Bears fans. Ask yourself how many defenders on the unit are good. Not how many can be good or used to be. How many defenders today are good?

Sad fact: answer might be one. Tim Jennings.

Blaming Mel Tucker is silly. Bears are not being out-coached on the defensive side of the ball. They are being beaten in every single one-on-one match-up. And there’s a very simple reason. They’re not talented.

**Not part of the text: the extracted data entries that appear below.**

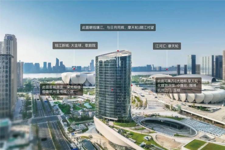 3、#居住的视野决定了房子的品级#绝美地标江景,集齐杭州沿江所有地标:大小莲花、化蝶游泳馆、日月同辉、摩天轮(在建)、国博、杭州之门、玉琮。
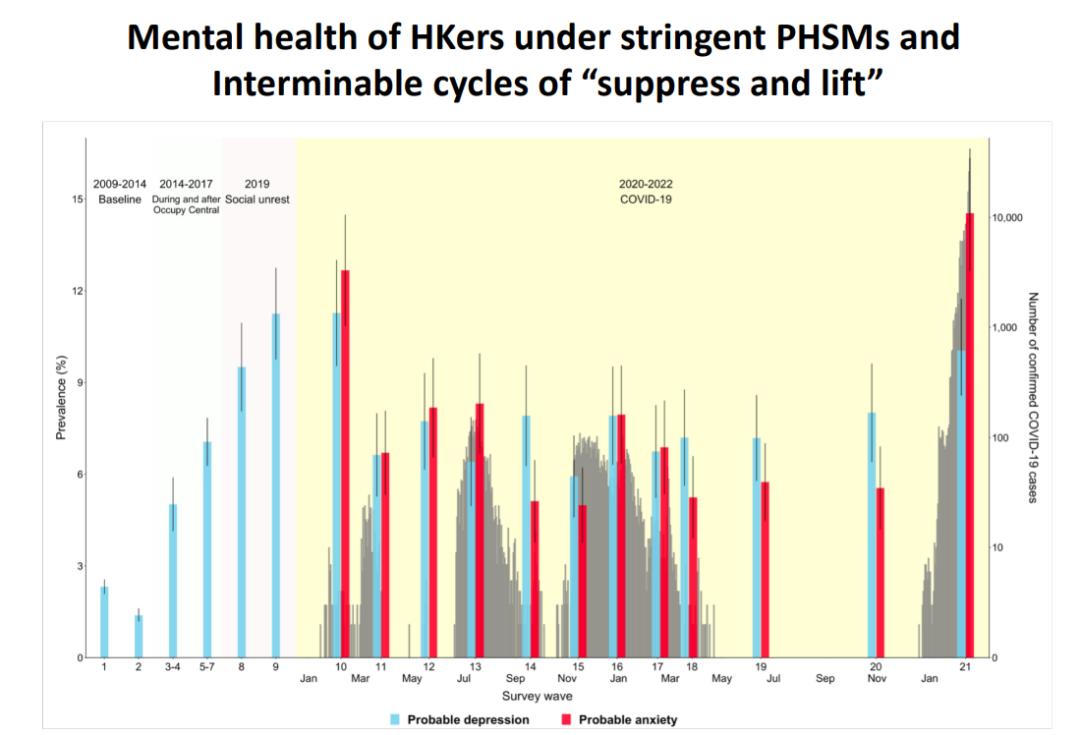 圖片説明:疫情之下,香港特區民眾出現抗疫疲勞、抑鬱、焦慮等情況。2022年1月,特區民眾抑鬱率達到1/10。焦慮症狀比率達13%至14%。/HKUMed
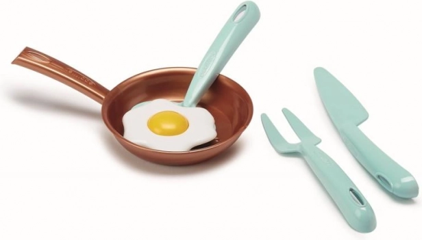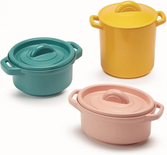 Súprava obsahuje pestrú škálu pestrofarebných hrncov a panvičiek, ktoré podnietia zvedavosť malých kuchárov.
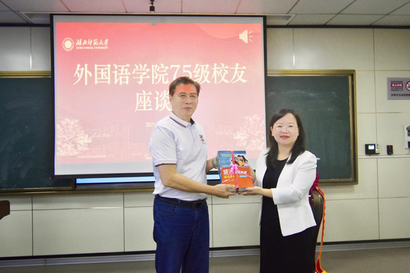 座谈会上,校友们深情回顾了上世纪70年代在国家急需外语人才的时代背景下的求学经历,感念母校提供的学习平台和老师们的悉心培养。他们分享了毕业后在教育领域及其他行业的工作经历,纷纷表示母校的培养为个人的发展奠定了坚实基础,将继续关心和支持母校发展,积极为推动母校的发展贡献余力,并向外国语学院赠送了纪念品。
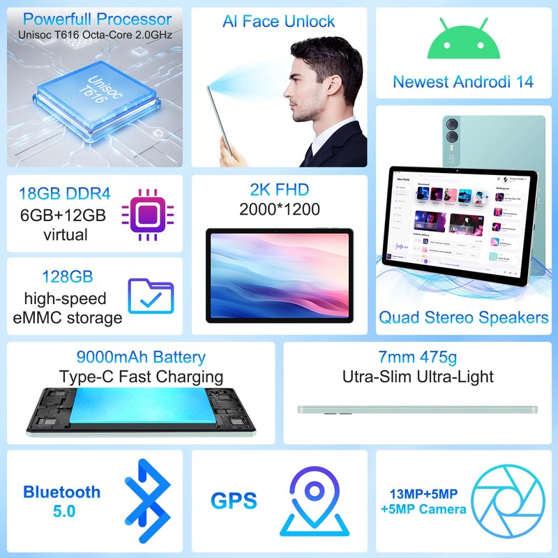 - POWERFUL MEMORY AND EXPANSIVE STORAGE: Equipped with 18GB DDR4 RAM (6GB + 12 GB Virtual). Comes with 128GB high-speed eMMC storage, expandable with a TF card up to 1TB, providing ample storage space for all your needs.

And yet the Bears find themselves in the thick of a division title race due to an injury forced by Shea McClellin and the Detroit Lions doing a brilliant impression of the Detroit Lions. As Zach Zaidman Tweeted Monday morning, “Bears coach Marc Trestman today to @WBBMNewsradio: “We’re right where we were a week ago. There’s been no change.” And he’s right. The Bears organization knows they don’t have a viable collection of defensive players right now but they can’t throw in the towel on a division up for grabs.

If it hadn’t already, if somehow the last three weeks masked serious defensive issues, now this season moves squarely onto the shoulders of the offense. And twenty-one points won’t be enough to beat Minnesota or Dallas or Philadelphia or Green Bay or maybe even Cleveland. Twenty-one points might not be enough to win the first halves of those games. The Bears need to enter a five-week, two-minute drill and score every time they possess the ball.

Crazy as it may sound the Bears may find themselves playing a football game in Minnesota for sole possession of the division lead Sunday. (They would of course need the Packers to beat the Lions on Thanksgiving.) And they are just as likely to surrender the the NFL single-game rushing record of 297 yards as they are to take the division lead.